▶ _DESCRIPTION OF THE TASK_
Please produce a character-exact copy of the listing that follows, omitting all images.

▶ _GIVEN DATA_
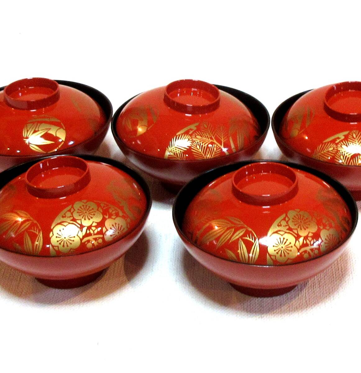 - ★おもてなしに♪★会津塗 吸い物椀 5客セット 朱 花丸蒔絵 ★送料無料
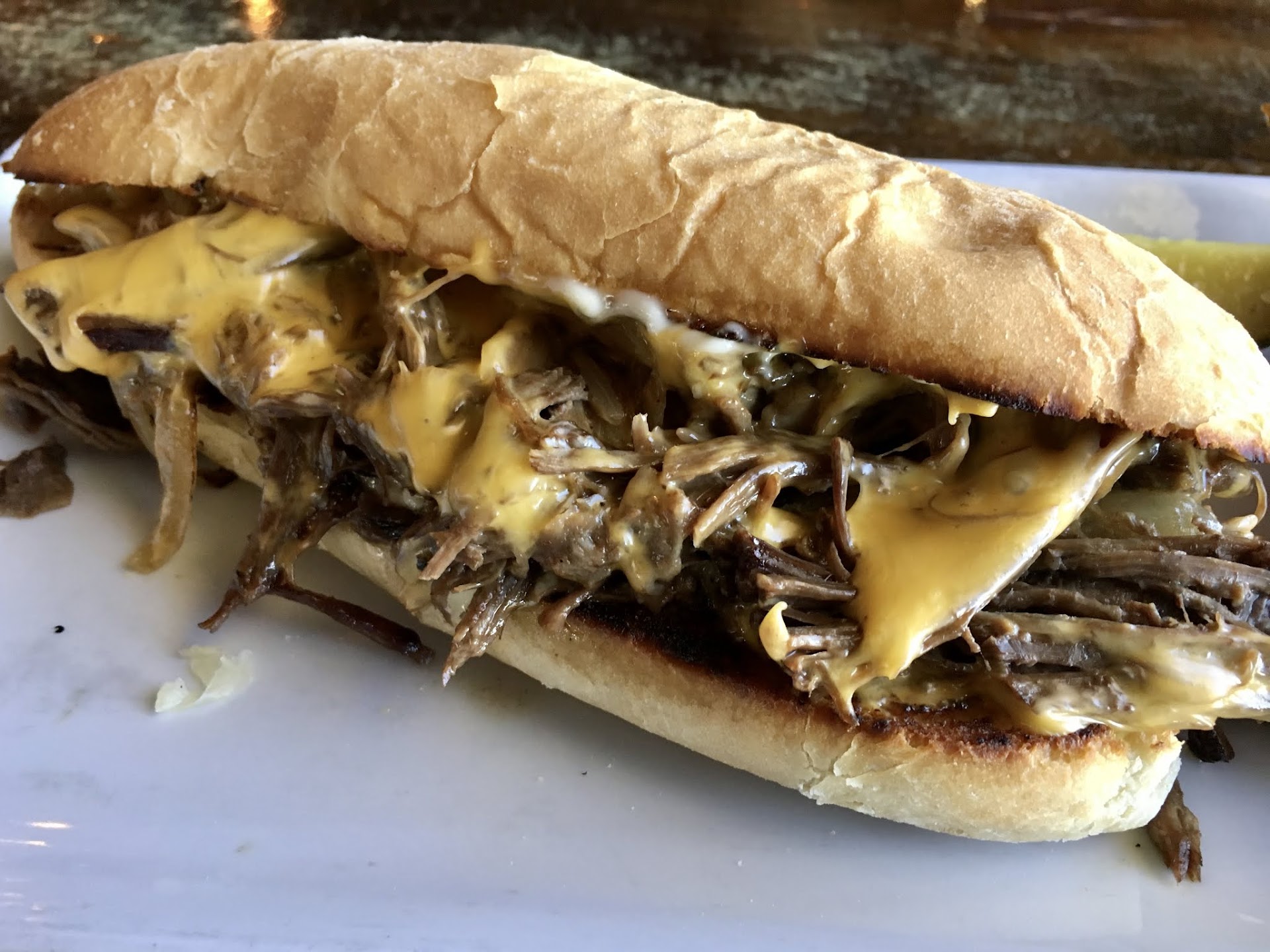 Idaho Cheesesteak ($14) - Slow cooked pot roast served on a hoagie roll with caramelized onion, your choice of cheese (American, Cheddar, Swiss or Pepper Jack), black pepper aioli. Served with house cut fries. Substitute sweet potato fries ($1.50) or half Hidden Valley or Caesar salad ($2.50).
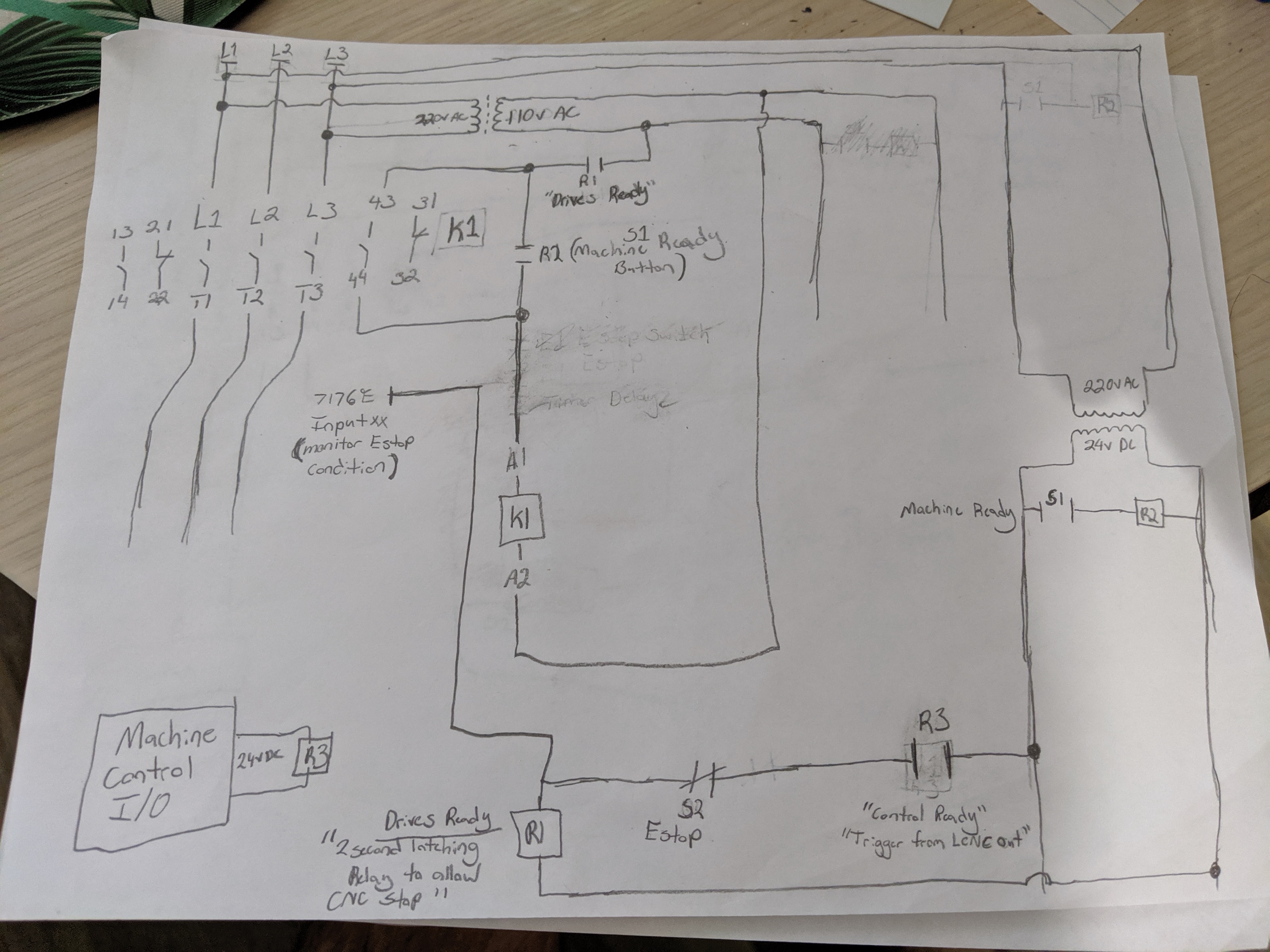 I'm going to add the latching delayed relay FOR R1 for 1-2 seconds to allow the control the opportunity to give stop command before cutting the power. Which will be triggered by LCNC monitoring the signal at R1. Comanding a stop when the signal drops while R1 holds latched for 2 seconds before breaking K1s power.
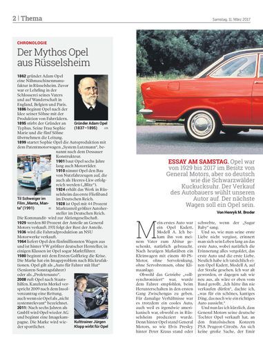 ESSAY am samstag. Opel war von 1929 bis 2017 im Besitz von General Motors, aber so deutsch wie die Schwarzwälder Kuckucksuhr. Der Verkauf des Autobauers wühlt unseren Autor auf. Der nächste Wagen soll ein Opel sein. Von Henryk M. Broder
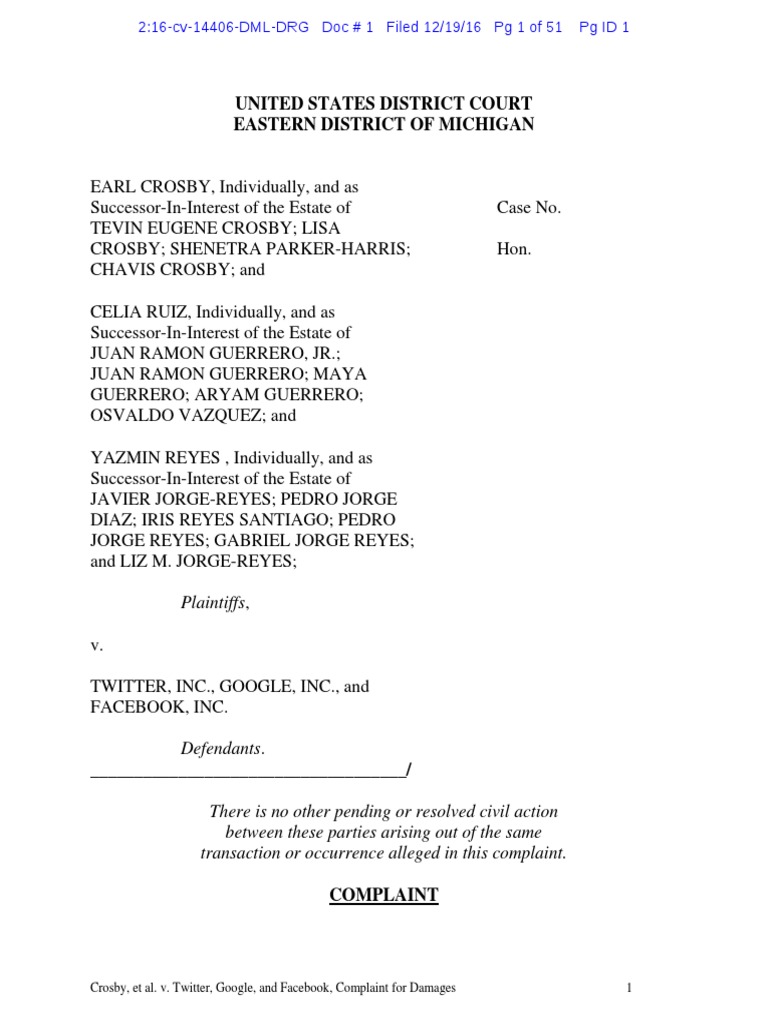following against Defendants Twitter, Inc., Google, Inc., Facebook, Inc.
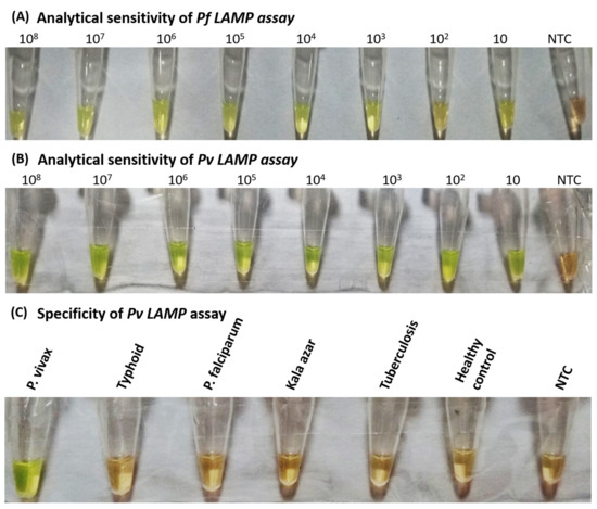 - Kaur, H.; Sehgal, R.; Bansal, D.; Sultan, A.A.; Bhalla, A.; Singhi, S.C. Development of visually improved loop mediated iso-thermal amplification for the diagnosis of Plasmodium vivax malaria in a tertiary hospital in Chandigarh, North India. Am. J. Trop. Med. Hyg. 2018, 98, 1374–1381. [Google Scholar] [CrossRef] [PubMed]
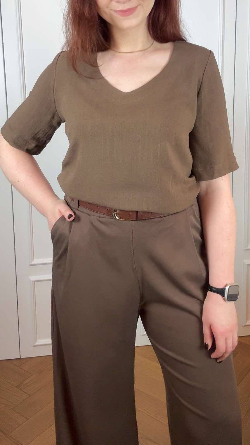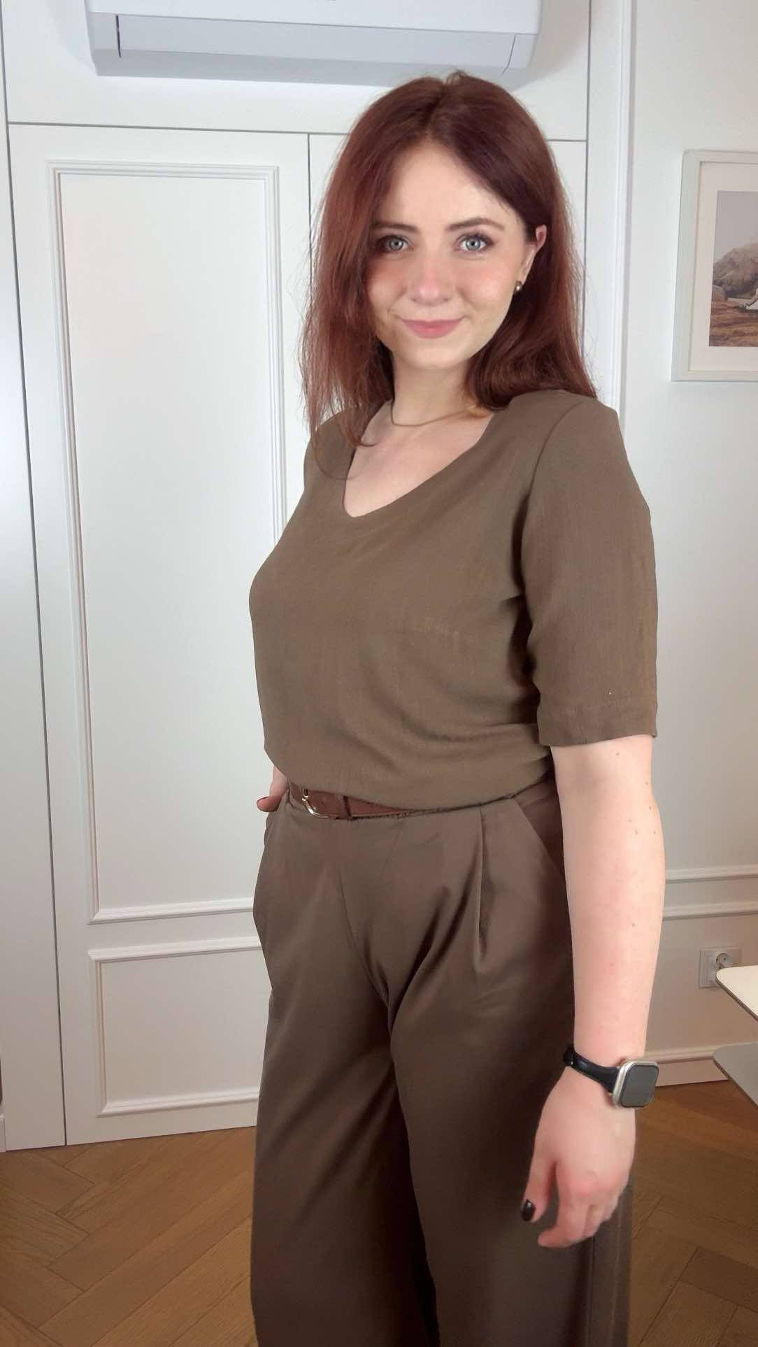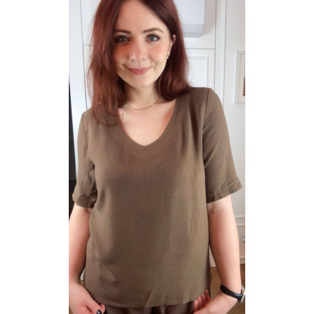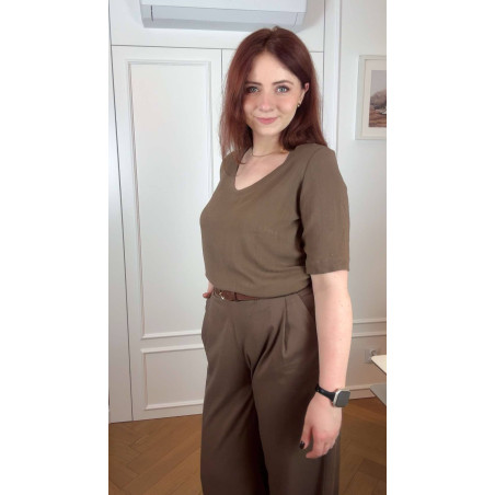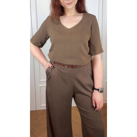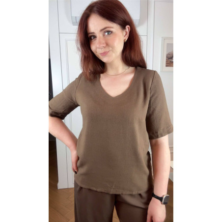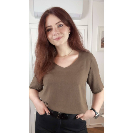 Bernatka - Bluzka lniano-wiskozowa z dekoltem V - orzech laskowy
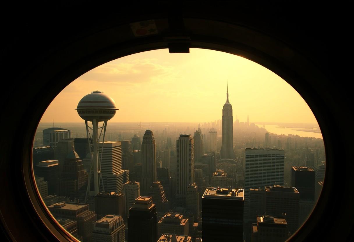 Spaceport, city view, new york, city skyline, retro,

▶ _RESPONSE TO THE EXERCISE_
 - ★おもてなしに♪★会津塗 吸い物椀 5客セット 朱 花丸蒔絵 ★送料無料
 Idaho Cheesesteak ($14) - Slow cooked pot roast served on a hoagie roll with caramelized onion, your choice of cheese (American, Cheddar, Swiss or Pepper Jack), black pepper aioli. Served with house cut fries. Substitute sweet potato fries ($1.50) or half Hidden Valley or Caesar salad ($2.50).
 I'm going to add the latching delayed relay FOR R1 for 1-2 seconds to allow the control the opportunity to give stop command before cutting the power. Which will be triggered by LCNC monitoring the signal at R1. Comanding a stop when the signal drops while R1 holds latched for 2 seconds before breaking K1s power.
 ESSAY am samstag. Opel war von 1929 bis 2017 im Besitz von General Motors, aber so deutsch wie die Schwarzwälder Kuckucksuhr. Der Verkauf des Autobauers wühlt unseren Autor auf. Der nächste Wagen soll ein Opel sein. Von Henryk M. Broder
following against Defendants Twitter, Inc., Google, Inc., Facebook, Inc.
 - Kaur, H.; Sehgal, R.; Bansal, D.; Sultan, A.A.; Bhalla, A.; Singhi, S.C. Development of visually improved loop mediated iso-thermal amplification for the diagnosis of Plasmodium vivax malaria in a tertiary hospital in Chandigarh, North India. Am. J. Trop. Med. Hyg. 2018, 98, 1374–1381. [Google Scholar] [CrossRef] [PubMed]
 Bernatka - Bluzka lniano-wiskozowa z dekoltem V - orzech laskowy
 Spaceport, city view, new york, city skyline, retro,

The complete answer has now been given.